How an FHA Manufactured Home Loan Works

The FHA has two loan programs for manufactured homes⁠: one for borrowers who own the land that the home is on, and another for homes located in a mobile home park.

With an FHA mortgage, the government insures a loan provided by an approved private lender. If you default on your payments, the lender has the assurance that Uncle Sam will reimburse it for all or part of its losses. Because of this, FHA-approved mortgage providers are willing to take on borrowers who have a slightly higher risk profile.

Homeowners fund the mortgage insurance and pay both an upfront premium and an annual premium to the FHA on top of the loan amount. That can potentially make these loans a bit more expensive than other loans. But if a government-insured loan is your only way of moving into a new home, then the extra cost may be worth it.

An FHA mortgage must be used to finance a primary residence.

Find an FHA-Approved Lender

Because the FHA doesn’t actually lend you money for a mortgage—it only guarantees the loan—you must get the loan from an FHA-approved lender, such as a bank or other financial institution.

You’ll need to shop around to make sure that you get the best loan terms and rate for your needs. To find an approved lender, use the search tool on the U.S. Department of Housing and Urban Development (HUD) website.

In general, as with any loan, the lower your credit score and the smaller your down payment, the higher the interest rate that you’ll pay.

If you have questions about the FHA program, HUD operates a voice-assisted hotline that can refer you to local counseling organizations.
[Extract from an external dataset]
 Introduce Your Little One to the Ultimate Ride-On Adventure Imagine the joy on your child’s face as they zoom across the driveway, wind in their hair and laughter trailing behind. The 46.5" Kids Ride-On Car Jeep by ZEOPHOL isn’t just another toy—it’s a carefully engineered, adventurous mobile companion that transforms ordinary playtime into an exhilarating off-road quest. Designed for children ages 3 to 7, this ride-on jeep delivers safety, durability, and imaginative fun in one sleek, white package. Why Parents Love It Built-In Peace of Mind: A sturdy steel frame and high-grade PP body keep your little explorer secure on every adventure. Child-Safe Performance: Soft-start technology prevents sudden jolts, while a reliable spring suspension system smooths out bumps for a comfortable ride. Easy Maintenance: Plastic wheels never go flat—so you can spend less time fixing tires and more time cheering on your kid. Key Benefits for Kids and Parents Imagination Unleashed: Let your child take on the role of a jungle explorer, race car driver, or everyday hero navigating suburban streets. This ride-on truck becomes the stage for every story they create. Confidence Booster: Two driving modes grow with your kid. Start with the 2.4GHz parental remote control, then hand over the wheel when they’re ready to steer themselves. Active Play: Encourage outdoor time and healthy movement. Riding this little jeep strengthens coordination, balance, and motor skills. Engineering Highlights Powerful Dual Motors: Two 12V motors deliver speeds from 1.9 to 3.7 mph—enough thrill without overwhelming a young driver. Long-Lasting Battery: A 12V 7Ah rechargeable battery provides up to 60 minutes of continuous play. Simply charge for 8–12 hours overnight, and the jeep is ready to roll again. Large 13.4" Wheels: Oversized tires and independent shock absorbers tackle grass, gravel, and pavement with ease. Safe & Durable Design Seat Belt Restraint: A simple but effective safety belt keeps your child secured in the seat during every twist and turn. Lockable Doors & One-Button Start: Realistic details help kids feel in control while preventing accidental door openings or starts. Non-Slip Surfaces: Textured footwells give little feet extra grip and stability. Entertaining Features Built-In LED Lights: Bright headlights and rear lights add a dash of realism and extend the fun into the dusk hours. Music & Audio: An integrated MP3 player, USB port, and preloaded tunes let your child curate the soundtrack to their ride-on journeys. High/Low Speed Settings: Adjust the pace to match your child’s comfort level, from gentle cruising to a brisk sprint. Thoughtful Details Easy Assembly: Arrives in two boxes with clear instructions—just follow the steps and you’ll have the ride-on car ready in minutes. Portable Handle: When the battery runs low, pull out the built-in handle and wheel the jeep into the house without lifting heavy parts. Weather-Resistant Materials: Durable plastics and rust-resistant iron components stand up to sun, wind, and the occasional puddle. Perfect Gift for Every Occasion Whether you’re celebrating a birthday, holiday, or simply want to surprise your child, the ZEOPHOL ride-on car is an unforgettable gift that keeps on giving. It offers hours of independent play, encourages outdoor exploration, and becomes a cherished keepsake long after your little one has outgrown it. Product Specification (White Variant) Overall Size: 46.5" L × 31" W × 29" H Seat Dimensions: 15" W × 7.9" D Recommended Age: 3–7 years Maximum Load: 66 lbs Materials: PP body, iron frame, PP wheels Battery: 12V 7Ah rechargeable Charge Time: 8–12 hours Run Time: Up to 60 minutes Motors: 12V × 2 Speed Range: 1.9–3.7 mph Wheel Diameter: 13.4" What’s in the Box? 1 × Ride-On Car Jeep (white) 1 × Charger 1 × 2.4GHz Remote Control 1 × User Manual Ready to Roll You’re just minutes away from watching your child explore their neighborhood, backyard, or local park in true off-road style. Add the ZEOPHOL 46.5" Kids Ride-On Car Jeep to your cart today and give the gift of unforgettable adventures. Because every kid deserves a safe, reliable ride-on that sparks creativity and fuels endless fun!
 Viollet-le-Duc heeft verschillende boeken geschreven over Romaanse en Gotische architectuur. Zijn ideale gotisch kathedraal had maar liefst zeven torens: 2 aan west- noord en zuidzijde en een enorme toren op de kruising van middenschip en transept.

These housing agencies can help you better understand your options. The 24-hour HUD clearinghouse can be reached at (800) 569-4287, or you can search online for a HUD housing counseling agency.

FHA Mobile Home Requirements

FAQ

What is the oldest manufactured home for an FHA loan?
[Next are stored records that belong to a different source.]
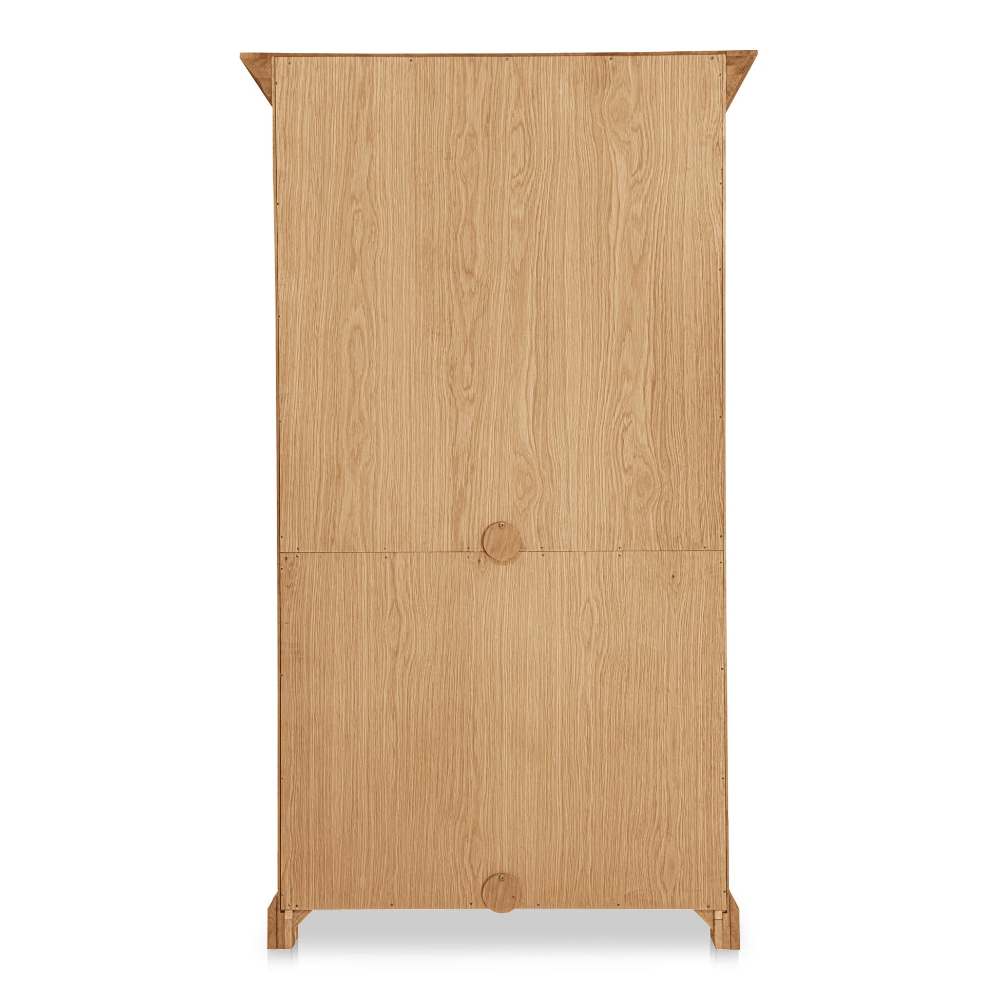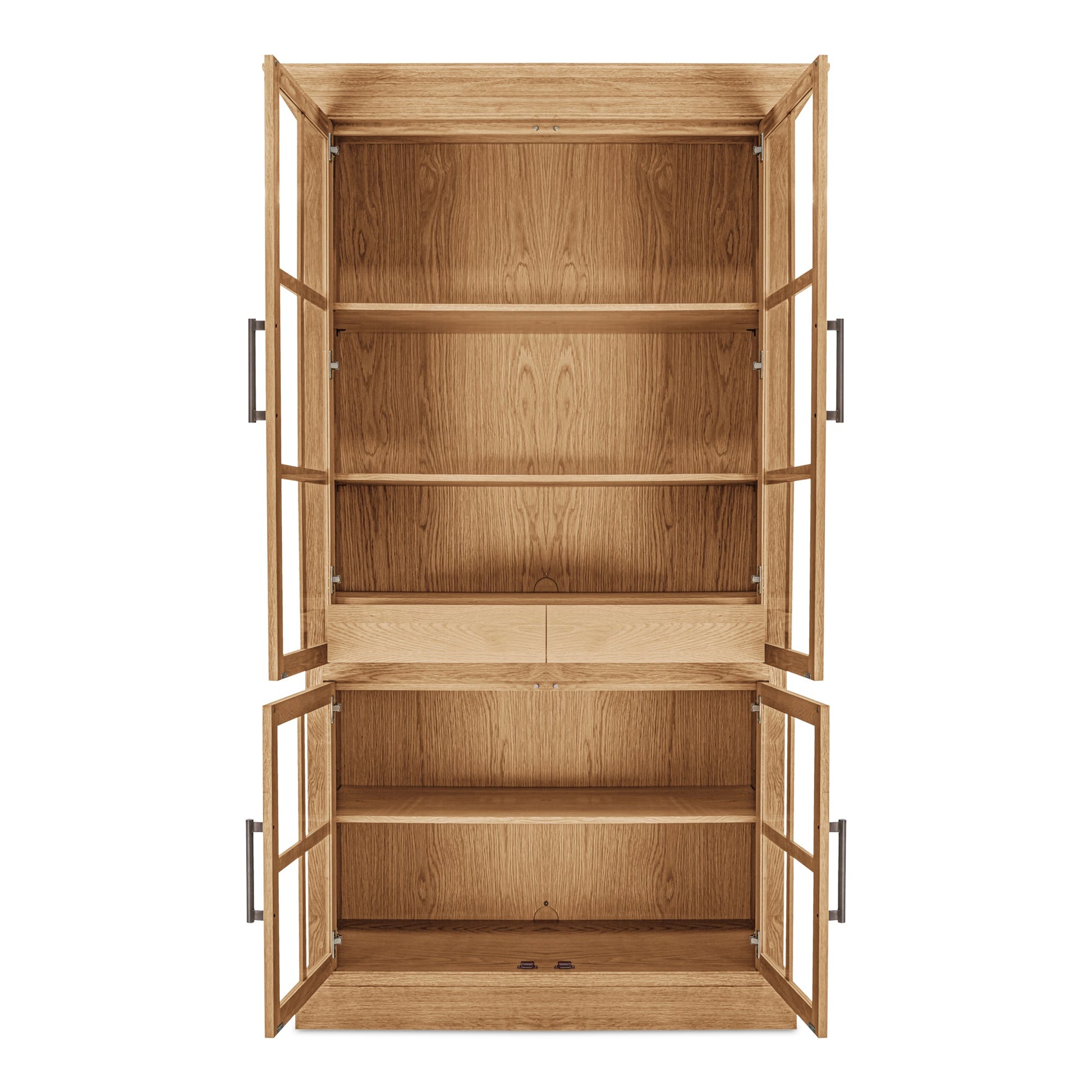 Expertly constructed from solid oak and oak veneer, the Rhonin tall cabinet features a wire-brushed natural finish that imparts warmth and texture. Its glass front, framed with classic molding and a refined overhang, combines timeless elegance with modern design. Inside, two drawers and subtle cable management offer functional storage options.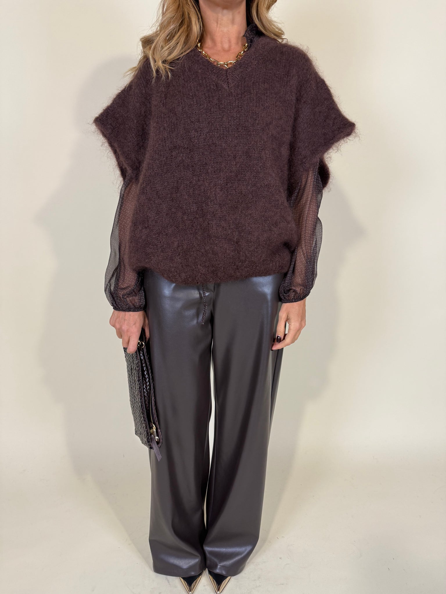 Camicia morbida oversize velata disponibile nella fantasia micro sui toni del violetto calda. Modello manica lunga con elastico sul polso e colletto arricciato con laccetti.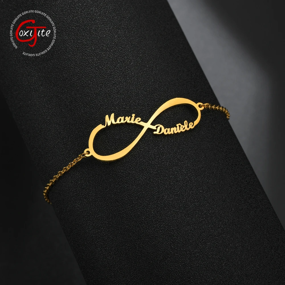Браслет со знаком бесконечности Goxijite из нержавеющей стали с именем на заказ для женщин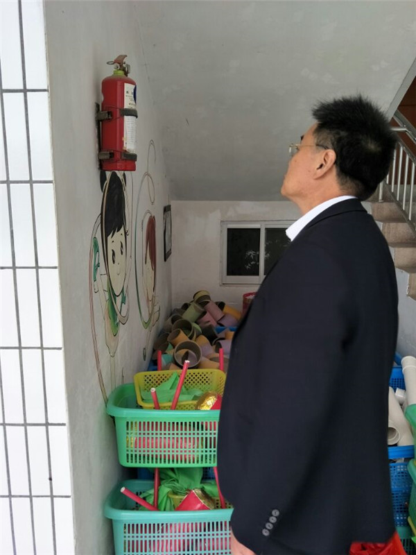镇教管办安全工作领导小组查看了幼儿园环境,对幼儿园门卫室监控周界报警、楼房墙面、屋顶、楼梯扶手、电器线路、消防等进行了全面细致的大检查,对存在的安全隐患逐一消除,确保安全无死角。仔细查看每层楼消防栓里的水枪、水带是否能完好,灭火器压力是否正常,确保消防器械能正常使用。

To qualify for an FHA loan, a manufactured home must have been built later than June 15, 1976, and adhere to certain building standards and government guidelines. The maximum FHA mobile home loan amount is $92,904.

What does FHA consider a permanent foundation for a manufactured home?
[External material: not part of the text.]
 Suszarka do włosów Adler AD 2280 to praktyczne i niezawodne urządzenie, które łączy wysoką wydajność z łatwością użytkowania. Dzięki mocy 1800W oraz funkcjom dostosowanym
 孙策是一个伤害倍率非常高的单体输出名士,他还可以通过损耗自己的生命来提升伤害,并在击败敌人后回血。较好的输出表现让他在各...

For example: The United States Department of Housing and Urban Development (HUD) suggests that permanent foundations are meant to be site-built and constructed of durable materials such as concrete, treated wood or mortared masonry.

Who is the best lender for manufactured homes?

Company
Starting Interest Rate
Loan Terms (range)
Manufactured Nationwide Best Overall
Varies
15, 20, or 30 years
ManufacturedHome.Loan Best for Good Credit
Varies
Varies
21st Mortgage Corporation Best for Bad Credit
Varies
Varies
eLend Best for Low Down Payment
Varies
Varies

What is the loan term for a mobile home?

It depends on the lender. However, if you’re financing a mobile home on a permanent foundation, you’ll likely encounter loans with terms ranging from 15 to 30 years. However, if you’re using a chattel or personal loan, you’ll likely have a shorter repayment term.

Can you get a mortgage on a manufactured home?

Yes, you can get a mortgage on a manufactured home. There are several options, including FHA loans, VA loans, and certain conventional loans. The home usually needs to meet specific requirements, such as being on a permanent foundation and classified as real property. Can you get a reverse mortgage on a manufactured home?

Can a mobile home be approved for an FHA loan?

Mobile home loans guaranteed by the FHA loan program have some unique requirements. One of them? The manufactured-by rule; HUD 4000.1 states that mobile homes manufactured before June 15, 1976 cannot be approved for an FHA mortgage. Then there’s a size restriction–your new home cannot be too small.

Are manufactured homes eligible for FHA financing?

Homes built prior to June 15, 1976, aren’t eligible for FHA financing. You’ll need to meet FHA minimum mortgage standards as a borrower, and your manufactured home and the land it’ll sit on will have to meet special property and construction requirements. What are my FHA manufactured home loan options?

Can a mobile home be too small for an FHA loan?

Then there’s a size restriction–your new home cannot be too small. HUD 4000.1 says your manufactured home must have a floor space of 400 feet or more to be approved for an FHA mortgage. And what about FHA loan limits for mobile homes?